Il padrone del bar era uno di quelli con la parolaccia sempre in canna, ma si trattenne.


− Dammi quanto mi spetta e…

− Niente, senza preavviso non ti spetta niente. Ti ho pagato sabato, oggi è solo martedì, mi tengo i soldi di questi due giorni come risarcimento del danno che mi stai causando andandotene via all’improvviso. Se vuoi ti offro un caffè.


− Grazie lo stesso.

− Vai per la tua strada, Franz, ma ricordati che l’amore non perdona.

− Che significa?

− Lo capirai da solo, non ti preoccupare. E se non lo capirai vorrà dire che sei più stupido di quello che sembri.


Alice, intanto, l’aspettava vicino alla porta con la borsa stretta in vita. Franz la raggiunse e uscirono insieme dandosi la mano.


− Allora, raccontami qualcosa di te.

− No, prima tu. Incomincia dalla parrucca.


Alice si fece seria. Raccontarsi come l’eroina di un melodramma le faceva tristezza, per cui riassunse la sua storia senza scialo di aggettivi: dalla scoperta del tumore alla chemioterapia fino all’ultimo colloquio con il dottor Monchiero. Botto finale: c’era una cura, e tutto sarebbe andato a posto.


Franz l’ascoltò in silenzio, stringendole la mano nei passaggi più dolorosi. Ti accorgi di amare qualcuno quando ami tutto di quella persona, tumore compreso. E la sensazione che quella ragazza fosse al mondo per stare con lui, e lui con lei, cresceva di respiro in respiro.

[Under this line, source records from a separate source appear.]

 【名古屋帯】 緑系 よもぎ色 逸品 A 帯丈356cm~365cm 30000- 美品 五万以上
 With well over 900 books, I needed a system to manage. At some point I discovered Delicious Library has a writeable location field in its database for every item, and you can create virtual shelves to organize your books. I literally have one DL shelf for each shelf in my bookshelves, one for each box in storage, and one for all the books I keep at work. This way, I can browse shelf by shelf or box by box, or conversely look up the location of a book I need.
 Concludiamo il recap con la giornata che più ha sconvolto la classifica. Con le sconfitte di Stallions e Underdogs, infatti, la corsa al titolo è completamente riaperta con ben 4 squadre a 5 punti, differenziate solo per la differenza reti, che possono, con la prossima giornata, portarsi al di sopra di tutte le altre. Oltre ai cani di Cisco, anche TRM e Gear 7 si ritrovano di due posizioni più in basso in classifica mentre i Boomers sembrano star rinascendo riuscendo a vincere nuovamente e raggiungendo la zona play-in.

− Adesso tocca a te − concluse Alice con aria leggera.

− Io non ho una storia complicata come la tua. Mi trovo in una fase che si può sintetizzare con un titolo scarno: passaggio in ombra.


− Che vuoi dire?

− Che non so quale direzione prendere. Non vedo chiaro, come quando in montagna calano le ombre della sera e ti trovi di fronte a un crocevia: quale sentiero ti porterà a casa? Prima studiavo astronomia, ora non più. Mi sta incuriosendo la filosofia, ma non ho nessuna intenzione di iscrivermi all’università.

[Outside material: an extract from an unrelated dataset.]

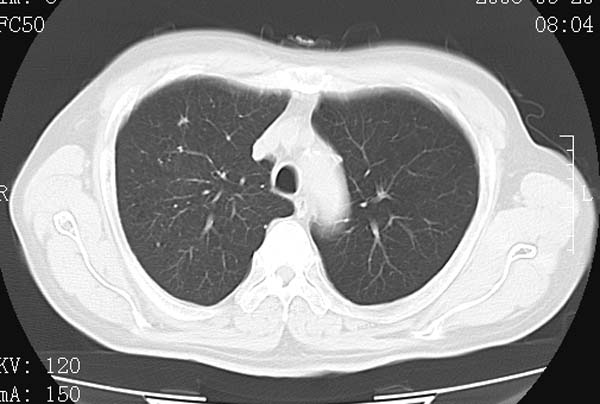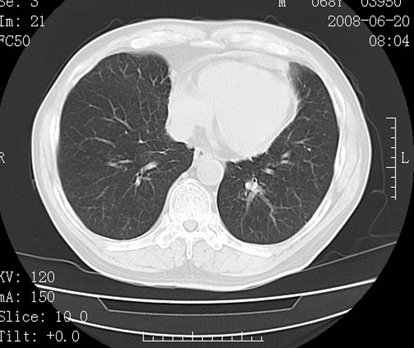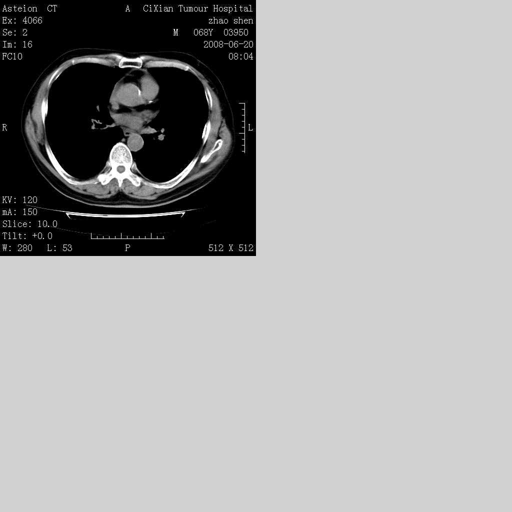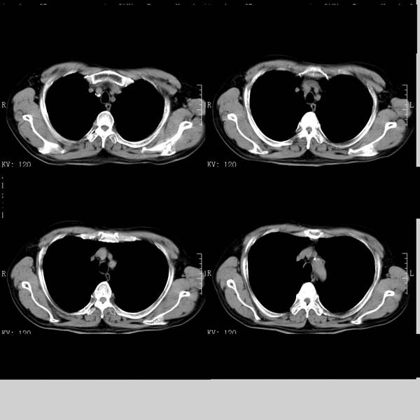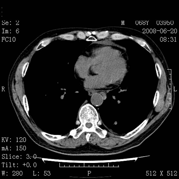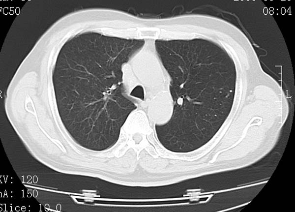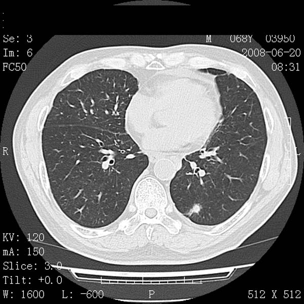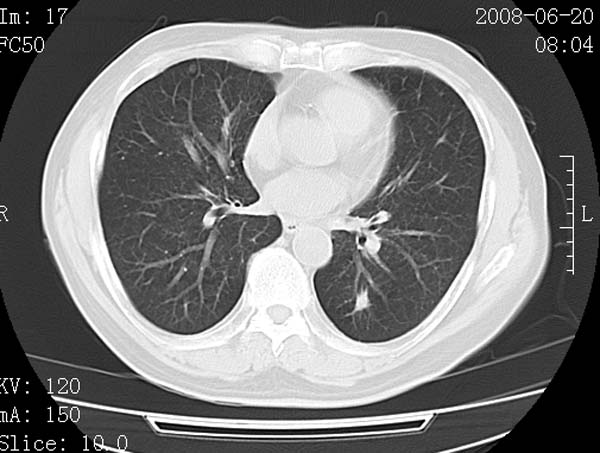 以下是引用zhangling在2008-6-24 14:56:00的发言:[br]我们科室意见报告为[br][br]1考虑左下肺周围型肺癌[br]2右肺小结节考虑转移瘤,纵隔淋巴结转移[br]3心包积液. [br] 各位老师分析的相当好 谢意[br]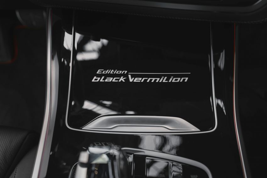 Bên trong khoang lái, tất cả các mẫu X5 và X6 Black Vermilion đều có nội thất màu đen với trần xe phủ da Alcantara, logo đặc biệt ở hộc để cốc, cần điều khiển bọc kính Crafted Clarity, ốp gỗ Fineline Black màu đen với các chi tiết điểm nhất bằng nhôm. Toàn bộ cabin của xe đều được mọc da Merino Black đi kèm các chi tiết điểm nhấn màu đỏ, đi kèm là thảm sàn đen viền đỏ tương tự như màu ngoại thất. Ngoài bộ phanh M Sport, các bản Black Vermilion còn được nâng cấp lên hệ thống xả M Sport, hệ thống treo thích ứng M Suspension và cản sốc M Sport.

− Invece io… sto frequentando uno stage di filosofia, qualche cosa di diverso dal solito.

− Ma dai!

− Vieni anche tu, ti piacerà. C’è un professore… Oberosler.

− Mai sentito.

− Non è di Torino, viene da Trento.

− Okay, quando vi incontrate di nuovo?


− Il primo martedì del prossimo mese, alle Officine Grandi Riparazioni, in corso Castelfidardo 22. Ore dieci. Si parlerà di Aristotele.

− Bene.

− Intanto incomincia a leggere qualcosa sul Cigno Nero.

− Che cos’è?

− Una rivista di filosofia diretta da Oberosler. Ecco, questo è il numero dedicato al rapporto tra verità e post-verità. Te lo presto.

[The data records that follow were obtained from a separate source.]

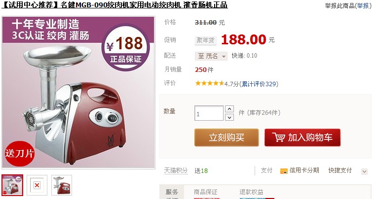 两面针客房易耗品茂名总代理 酒店客房易耗品专家 注册 2009-03-24 消息 1,904 反馈评分 0 点数 0 2013-01-23 #20 QUOTE(酒圣 @ 2013年01月23日 Wednesday, 12:22 PM) 绞肉机,准备买这个 [snapback]3487607[/snapback] 贵了点 我介绍你买这个人的 http://item.taobao.com/item.htm?id=14068889477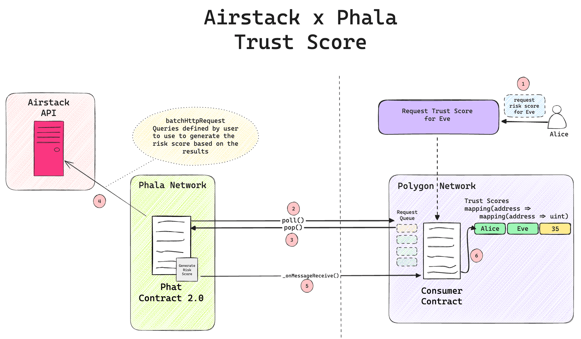 The user journey can be visualized in the diagram above. Alice requests a “trust score” about Eve to the consumer contract on the EVM chain and the action request is added to the request queue. The Phat Contract poll() the queue and pop() the new action request off the queue to compute the trust score for Eve. Once the data is retrieved from Airstack’s API, the score is computed based on the scoring criteria and the result is sent back to the consumer contract on the EVM chain.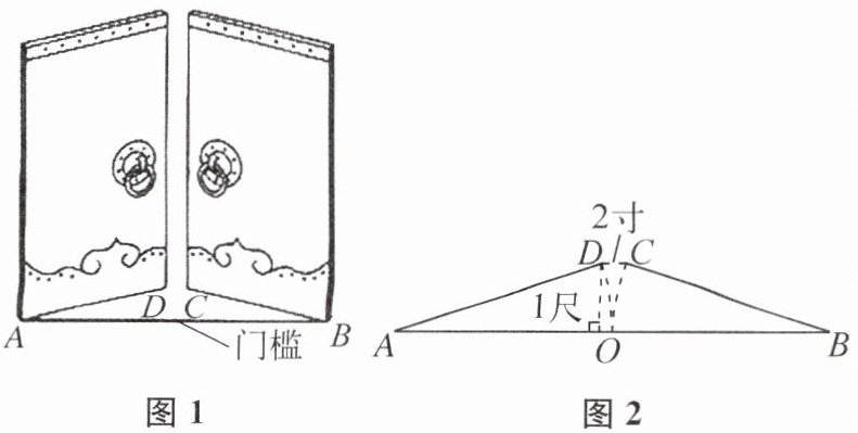 2. 《九章算术》是古代东方数学代表作,书中记载:"今有开门去阃(读kǔn,门槛的意思)一尺,不合二寸,问门广几何?"题目大意是:如图1、图2(图2为图1的平面示意图),推开双门,双门间隙CD的距离为2寸,C,D两点到门槛AB的距离都为1尺(1尺= 10寸),则AB的长是(

− La post-verità? Che roba è? Non ne so niente.

− Appunto, incomincia a informarti.


Dopo qualche altro scambio di battute raggiunsero la casa di Alice.


− Quando ci vediamo?

− Non so… ora sono davvero stanca, ma vallo a spiegare a mia madre, che questa sera vuole portarmi fuori a cena.

− E tu che vorresti fare?

− Starmene tranquilla a riflettere, per esempio.

− Su cosa?

− Su qualcosa, qualsiasi cosa.


− Allora, Alice, ti suggerisco un argomento che ho scoperto da poco: rifletti sul fatto che il mondo non esiste ma è solo un sogno. In questo caso tu sei una mia invenzione. Che ne dici, sono bravo come inventore?

− Ma dai, Franz…


− Si chiamano solipsisti quelli che la pensano così. Magari hanno ragione loro.

− E tu sei d’accordo?

− A volte.

− Allora ti racconto una storiella. La troverai sul Cigno Nero che ti ho prestato. Sei pronto?

− Certo.


− Su un’isola vi è un gran sasso nero, che dopo varie esperienze e lunghe discussioni, tutti gli abitanti credono bianco.

− Ebbene?

− Il sasso resta nero, e gli abitanti dell’isola sono dei cretini.

− Come me… questo mi vuoi dire?

− No, la morale è una domanda: non è facile guardare negli occhi la realtà, tu ci riesci?


E, senza aspettare la risposta, Alice scomparve sequestrata dal portone. Succede sempre così: più le ragazze sono carine, meno ascoltano. Seconda regola che s’impara nei corsi accelerati per aspiranti Casanova.